(EXERCISE DETAILS): Reproduce every line below exactly as written; do not include the images.

Start of Block

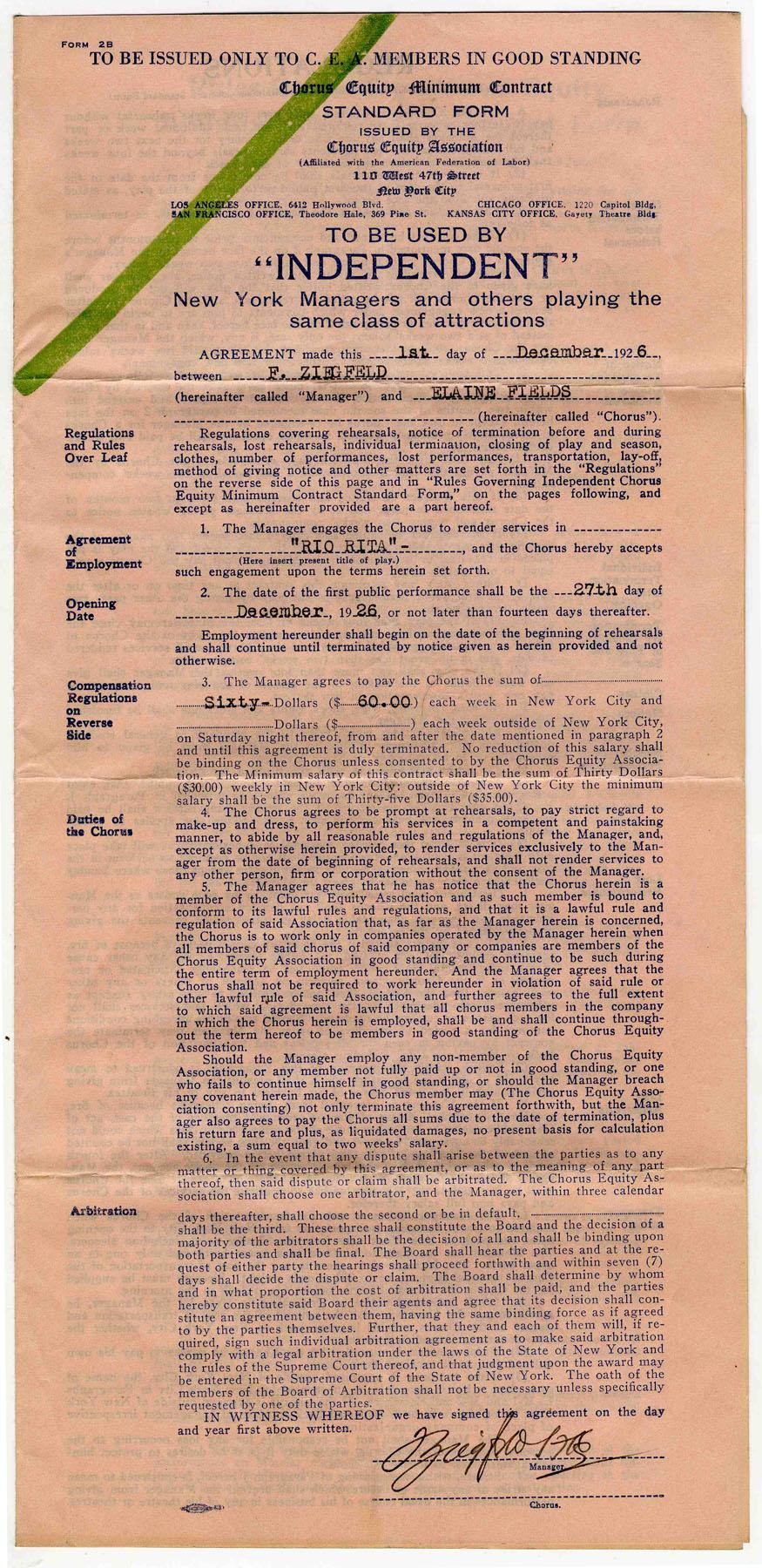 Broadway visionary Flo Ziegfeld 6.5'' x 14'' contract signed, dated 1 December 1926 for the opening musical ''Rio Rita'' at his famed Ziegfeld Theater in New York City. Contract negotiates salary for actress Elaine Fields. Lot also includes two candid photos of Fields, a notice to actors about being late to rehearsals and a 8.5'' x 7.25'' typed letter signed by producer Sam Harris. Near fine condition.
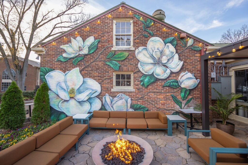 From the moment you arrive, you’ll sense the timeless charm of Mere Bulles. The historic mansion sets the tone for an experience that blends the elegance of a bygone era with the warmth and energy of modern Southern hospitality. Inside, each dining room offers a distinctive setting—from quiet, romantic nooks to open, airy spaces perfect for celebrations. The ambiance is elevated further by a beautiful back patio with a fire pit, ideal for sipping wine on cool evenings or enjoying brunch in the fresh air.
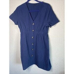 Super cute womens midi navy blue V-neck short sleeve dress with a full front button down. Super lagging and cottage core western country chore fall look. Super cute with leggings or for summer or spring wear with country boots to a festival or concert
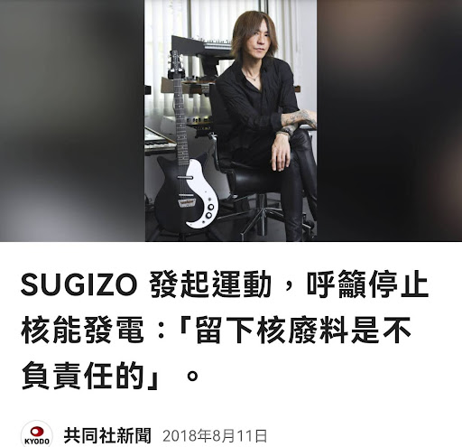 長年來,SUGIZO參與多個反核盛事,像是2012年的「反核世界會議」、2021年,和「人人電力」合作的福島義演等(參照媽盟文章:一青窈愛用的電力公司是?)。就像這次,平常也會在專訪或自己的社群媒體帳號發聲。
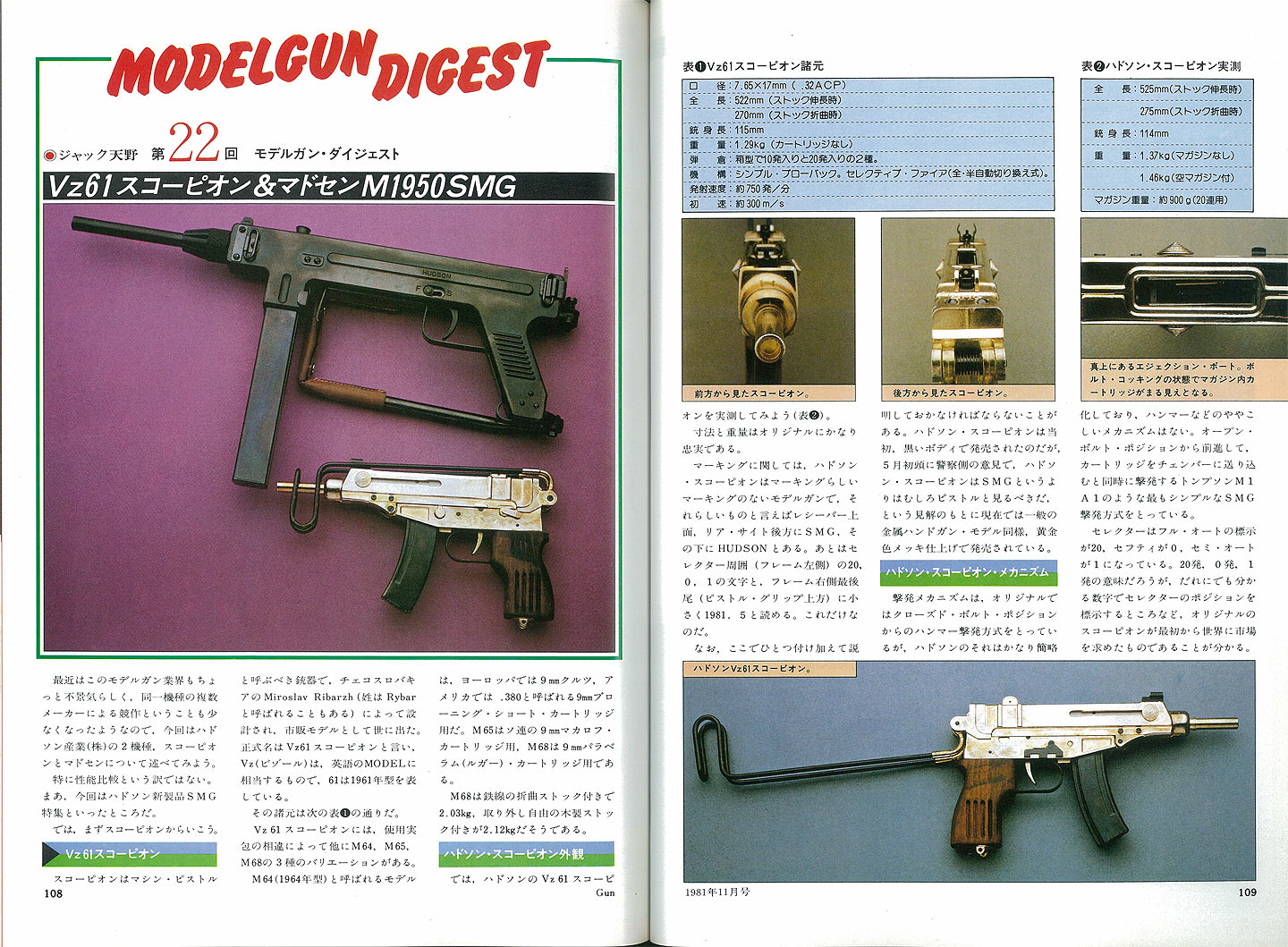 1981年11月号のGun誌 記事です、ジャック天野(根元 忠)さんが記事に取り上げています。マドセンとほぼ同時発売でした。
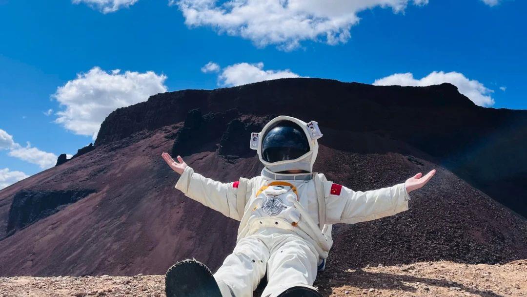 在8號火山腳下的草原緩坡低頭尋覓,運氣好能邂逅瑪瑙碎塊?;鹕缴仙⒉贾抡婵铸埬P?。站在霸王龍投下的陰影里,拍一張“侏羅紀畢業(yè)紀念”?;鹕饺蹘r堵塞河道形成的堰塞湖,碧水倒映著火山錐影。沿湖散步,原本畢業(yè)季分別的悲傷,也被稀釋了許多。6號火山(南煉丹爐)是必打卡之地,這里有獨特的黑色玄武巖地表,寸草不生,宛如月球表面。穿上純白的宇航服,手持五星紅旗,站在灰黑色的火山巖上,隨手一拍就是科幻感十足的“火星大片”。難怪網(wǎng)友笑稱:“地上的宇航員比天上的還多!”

End of Block

(TASK RESULT):
 Broadway visionary Flo Ziegfeld 6.5'' x 14'' contract signed, dated 1 December 1926 for the opening musical ''Rio Rita'' at his famed Ziegfeld Theater in New York City. Contract negotiates salary for actress Elaine Fields. Lot also includes two candid photos of Fields, a notice to actors about being late to rehearsals and a 8.5'' x 7.25'' typed letter signed by producer Sam Harris. Near fine condition.
 From the moment you arrive, you’ll sense the timeless charm of Mere Bulles. The historic mansion sets the tone for an experience that blends the elegance of a bygone era with the warmth and energy of modern Southern hospitality. Inside, each dining room offers a distinctive setting—from quiet, romantic nooks to open, airy spaces perfect for celebrations. The ambiance is elevated further by a beautiful back patio with a fire pit, ideal for sipping wine on cool evenings or enjoying brunch in the fresh air.
 Super cute womens midi navy blue V-neck short sleeve dress with a full front button down. Super lagging and cottage core western country chore fall look. Super cute with leggings or for summer or spring wear with country boots to a festival or concert
 長年來,SUGIZO參與多個反核盛事,像是2012年的「反核世界會議」、2021年,和「人人電力」合作的福島義演等(參照媽盟文章:一青窈愛用的電力公司是?)。就像這次,平常也會在專訪或自己的社群媒體帳號發聲。
 1981年11月号のGun誌 記事です、ジャック天野(根元 忠)さんが記事に取り上げています。マドセンとほぼ同時発売でした。
 在8號火山腳下的草原緩坡低頭尋覓,運氣好能邂逅瑪瑙碎塊?;鹕缴仙⒉贾抡婵铸埬P?。站在霸王龍投下的陰影里,拍一張“侏羅紀畢業(yè)紀念”?;鹕饺蹘r堵塞河道形成的堰塞湖,碧水倒映著火山錐影。沿湖散步,原本畢業(yè)季分別的悲傷,也被稀釋了許多。6號火山(南煉丹爐)是必打卡之地,這里有獨特的黑色玄武巖地表,寸草不生,宛如月球表面。穿上純白的宇航服,手持五星紅旗,站在灰黑色的火山巖上,隨手一拍就是科幻感十足的“火星大片”。難怪網(wǎng)友笑稱:“地上的宇航員比天上的還多!”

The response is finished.